Great. And then I might have missed it, but in terms of those changes you discussed on the rehab side, the Medicare Part b, new, I guess, clients there, is there anything you can do in terms of offsetting this? Or it's -- or you assume that it's -- the $1 million [indiscernible] will continue?

Richard A. Lechleiter

Well, like we do in RehabCare, every time we face a regulatory challenge, which has been quite frequent over the last couple of years, we'll get better at the process, we'll improve our own efficiency and we'll work through trying to get better at how we're delivering care. I would expect that you'll see continued improvement in that process, and we'll have to see how long it takes to get there.

Joanna Gajuk - BofA Merrill Lynch, Research Division

So you basically assume some improvement in your 2013 guidance?

Paul J. Diaz

I think we've answered the question. Do you have anything else?

Joanna Gajuk - BofA Merrill Lynch, Research Division

Yes. The last question I have is on the Illinois budget there for fiscal '13. There were some cuts specifically for LTACs it seems, which the State estimated would be about $30 million of savings for the State. So can you comment how it would impact particularly your hospital there?

Richard A. Lechleiter

We're aware of it. It's in our guidance already.

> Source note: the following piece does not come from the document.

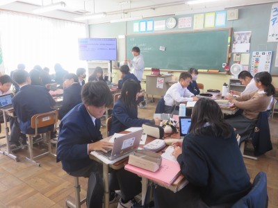 1年生の英語では現在進行形の疑問文について学んでいました。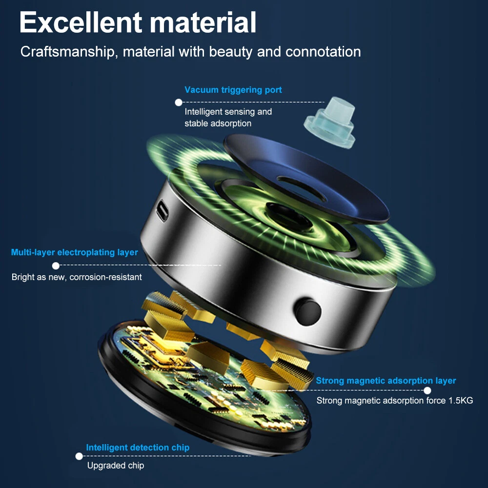 Features: 1. Strong magnetic suction and electric vacuum adsorption double insurance: Adopting advanced magnetic suction technology, it can instantly and firmly adsorb the mobile phone, ensuring that the phone will not fall off during bumps, shakes and even emergency braking. At the same time, the electric vacuum adsorption function further enhances the fixing effect, the two complement each other to provide double solid protection for the mobile phone, so that you can drive without worrying about the mobile phone shifting. 2. Wide compatibility: Whether it's a business mobile phone with a big screen or a small fashionable mobile phone, whether the mobile phone comes with a case or not, this car magnetic mobile phone holder can easily cope with it. Its strong magnetic suction and adsorption ability can be adapted to a variety of different models, sizes and materials of mobile phones, to meet the diverse needs of different users. 3. Convenient installation and use: The installation process is extremely easy, without complicated tools and tedious steps. Simply fix the bracket in a suitable location in the car (such as the centre console) and then gently place the mobile phone to be automatically adsorbed. Moreover, it is also easy to take the mobile phone, one-handed operation can be easily completed, will not distract your attention in the driving process, greatly improving the convenience of use. 4. Protect mobile phone and car interior: The contact area between the holder and the mobile phone is made of special material and design, which will not scratch the surface of the mobile phone. At the same time, in the process of adsorption and disassembly, it will not leave any traces or damage to the interior of the car, effectively protecting your car's interior, so that your driving environment is always neat and beautiful. 5. Stable and durable: The structure of the whole mobile phone holder is designed to be sturdy and stable, able to withstand long-time use and complex road conditions. The magnetic component and electric vacuum adsorption system have gone through strict quality testing and have excellent durability, and are not prone to suction weakening or malfunctioning, providing you with a long-term and reliable use experience. Specification: Name: electric vacuum adsorption mobile phone holder Material: ABS+Zinc Alloy Colour: Black/Silver/POH Size: 6.5*6.5*3cm/2.52*2.52*1.18 inch Battery capacity: 110 mAh Number of magnets: 16PS Suction pressure: 18Kpa-65Kpa Applicable models: 4.7-inch smartphone or above Package List: 1 x Stand 1 x USB charging cable 2 x Dusting cloth 1 x Non-marking sticker 1 x Magnetic attractor sheet Note: Due to different light and screen settings, the colour of the item may be slightly different from the picture. Please allow 1-2cm size difference due to different manual measurement. On Nov 28, 2024 at 01:03:19 PST, seller added the following information:

We've started to deal with that here already in the back half of this year, and I don't think we have anything further to comment on in that regard.

Operator

We have no further questions in the queue at this time. I'll turn the conference back over to Mr. Diaz to offer any additional or closing remarks.

Paul J. Diaz

Right. I think you probably all heard enough from me this morning. A pretty solid quarter in the context of lots of volume pressures from our acute care partners and others. And again, thanks for all your support and recognition of the steady costs management and advancing of the strategy.

Again, thanks to our teammates that have -- again who have weathered the storm last night and are digging out today. And for all of you that are participating on the call today, thanks for making your time. And we'll look forward to talking with you over the next several months in the conferences and otherwise. Thanks again.

Operator

That concludes today's conference. Thank you for your participation.